Smart Bitches, Trashy Books is already one of my favourite books blogs, but editor Sarah Wendell has now raced to the top of my list for, well, everything after her amazing spot yesterday.
"So if the text is old, and it says 'arms', the OCR [optical character recognition] scanner will see it as 'anus.' OMG," Wendell tweeted. She was referring to optical character recognition, a process by which printed texts can be scanned and converted into ebooks. According to Computer World, it has been "long used by libraries and government agencies to make lengthy documents quickly available electronically."
"Mrs. Tipton went over to him and put her anus around his neck. " My dear," she said, rapturously. " I have been hoping for years that you would talk that way to me."
From the title Matisse on the Loose: "When she spotted me, she flung her anus high in the air and kept them up until she reached me. 'Matisse. Oh boy!' she said.
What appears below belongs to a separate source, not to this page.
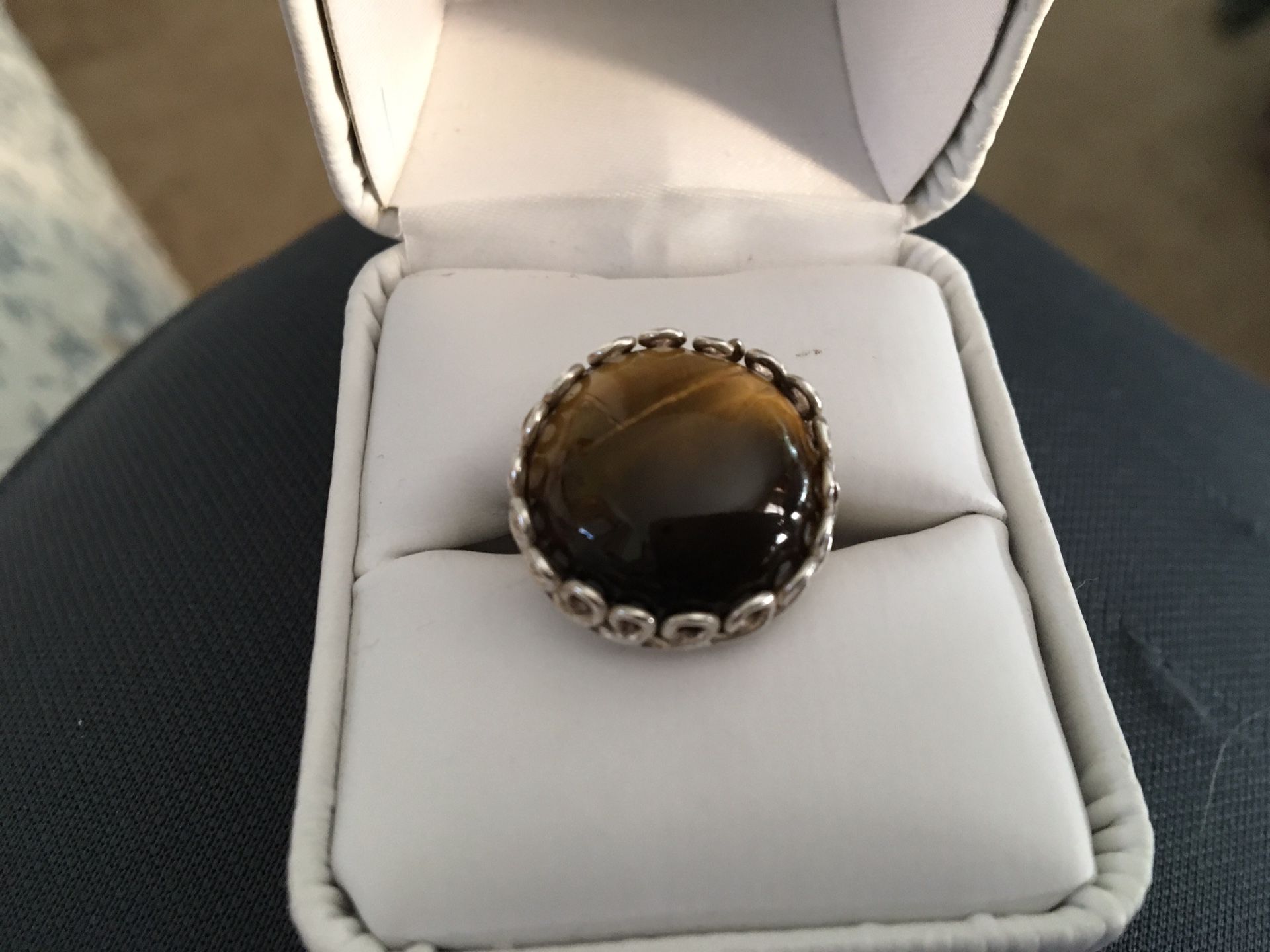 Sterling silver round tiger eye ring size 7

She grabbed my anus and positioned my body in the direction of the east gallery and we started walking."
Also: "Mrs, Nevile, in exquisite emotion, threw her anus around the neck of Caroline, pressed Her with fervour to her breast".
And '"Bertie, dear Bertie, will you not say good night to me" pleaded the sweet, voice of Minnie Hamilton, as she wound her anus affectionately around her brother's neck. "No," he replied angrily, pushing her away from him."' Well, wouldn't you?